- Musa da, senin saf ikbaline bir dert erişmez diye bu tarzda kerametler sayıp dökmekteydi. 2595
- همچنین موسی کرامت میشمرد ** که نگردد صاف اقبال تو درد
- Firavun, pek güzel, iyi söyledin ama bir de iyi bir dostla görüşeyim, danışayım dedi.
- گفت احسنت و نکو گفت ولیک ** تا کنم من مشورت با یار نیک
- Firavun'un, Masa aleyhisselâm'a inanma hususunda Asiye'ye danışması
- مشورت کردن فرعون با ایسیه در ایمان آوردن به موسی علیهالسلام
- Firavun, bu sözü Asiye'ye açtı. Asiye dedi ki: A gönlü kararmış, bu vaatlere can ver!
- باز گفت او این سخن با ایسیه ** گفت جان افشان برین ای دلسیه
- Bu sözlerde ne büyük inayetler var, ey iyi huylu padişah, durma, hemen bunları elde et!

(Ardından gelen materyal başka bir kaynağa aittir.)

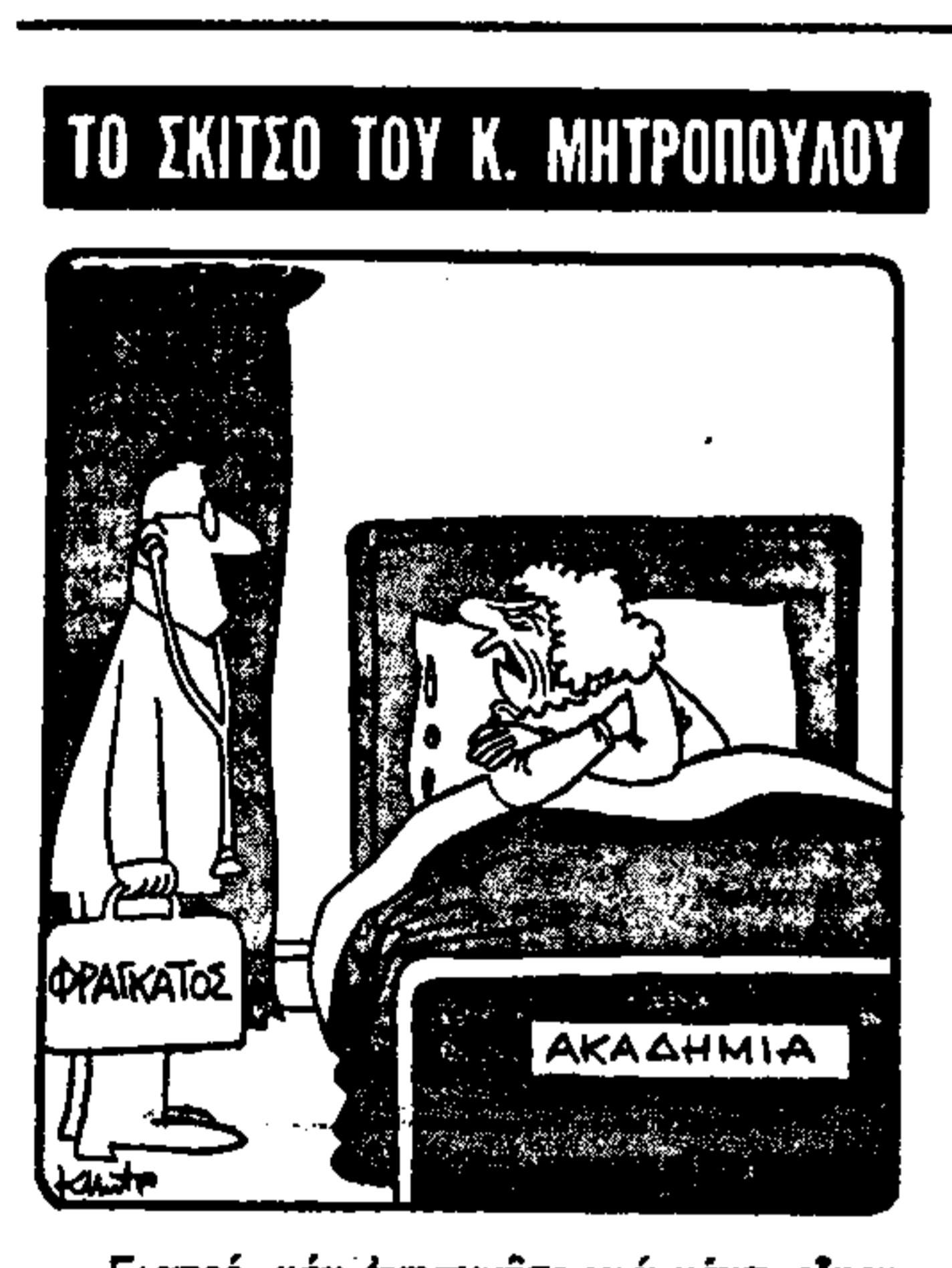
Γιατρέ, μην ανησυχείτε για μένα, είμαι αδύνατος!...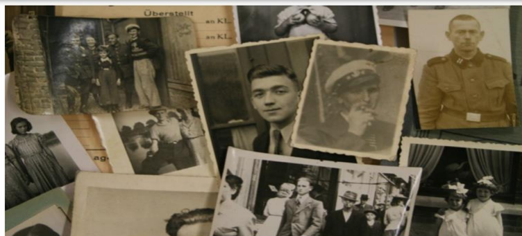
Bad Arolsen. Servicio Internacional de Búsquedas. Efectos personales de prisioneros a su arribo a los campos de concentración, que conserva el Servicio Internacional de Búsquedas.

Deber de buscar a personas desaparecidas (Agencia Central Búsquedas CICR)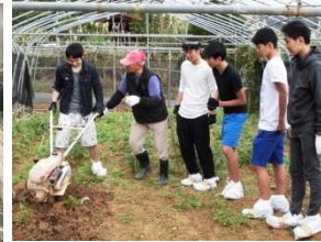
耕運機で耕しました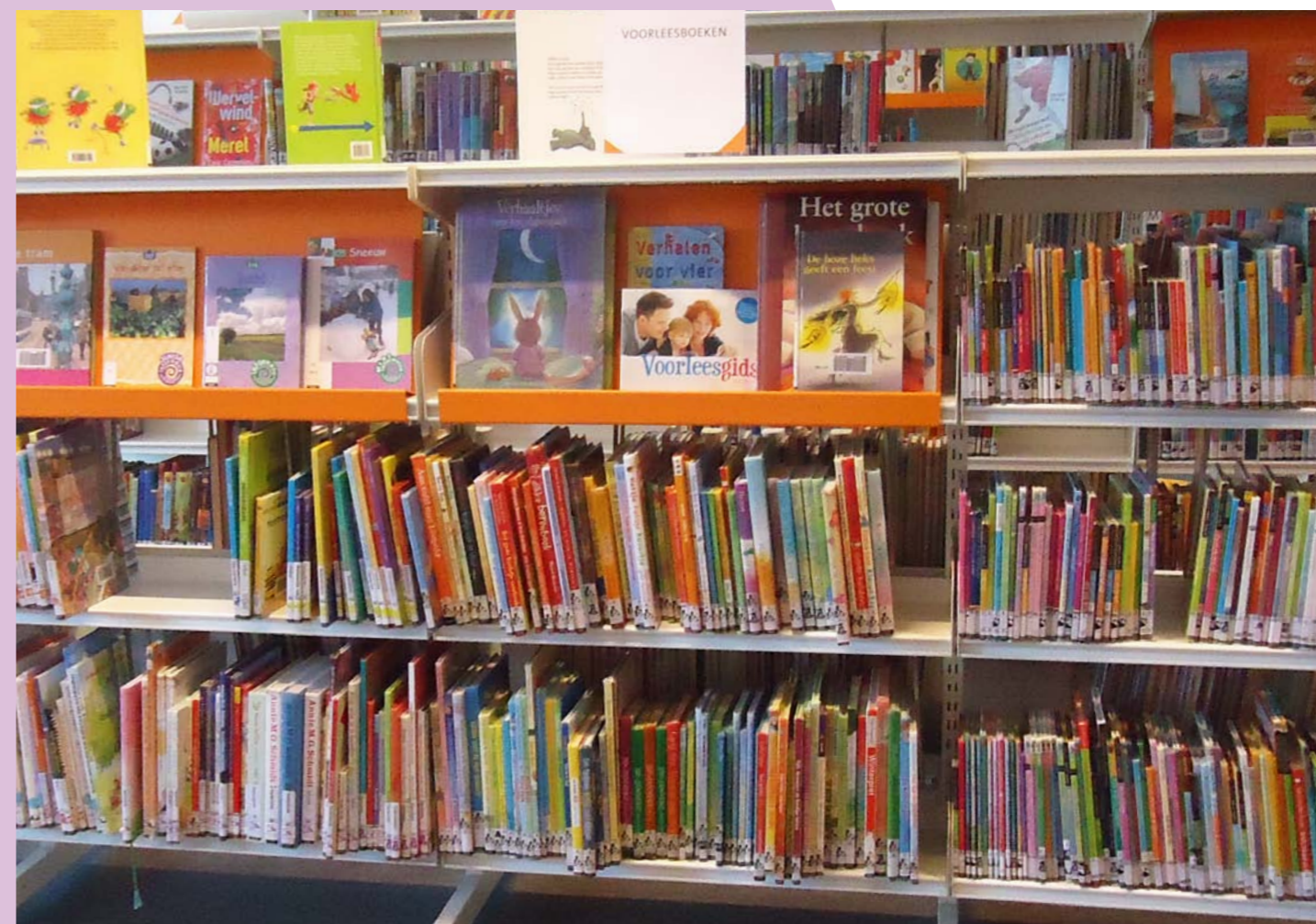
Kleurige kinderboeken in de bibliotheek

JAARGANG 1 • NUMMER 3 • SEPTEMBER 2012 • GOUDA OOSTERWEI

- بس عنایتهاست متن این مقال ** زود در یاب ای شه نیکو خصال
- Ekim zamanı geldi., hem de ne faydalı ekim ya! Bu sözleri söyledi ve iştiyakından ağlamaya başladı.
- وقت کشت آمد زهی پر سود کشت ** این بگفت و گریه کرد و گرم گشت
- Yerinden sıçradı, ne mutlu sana dedi... A kelceğiz, güneş, başına taç oldu! 2600
- بر جهید از جا و گفتا بخ لک ** آفتابی تاجر گشتت ای کلک
- Kelin ayıbını külah örter. Hele o külah güneş ve ay olursa ne mutlu!
- عیب کل را خود بپوشاند کلاه ** خاصه چون باشد کله خورشید و ماه
- Daha o mecliste bunu duyunca neden evet, yüzlerce hamdolsun demedin?
- هم در آن مجلس که بشنیدی تو این ** چون نگفتی آری و صد آفرین
- Bu söz, güneşin kulağına değseydi buna nail olmak ümidiyle baş aşağı yere inerdi!
- این سخن در گوش خورشید ار شدی ** سرنگون بر بوی این زیر آمدی
- Hiç bildin mi, ne vaattir bu, ne lütuf tur? Hak, İblis' i arayıp soruyor âdeta!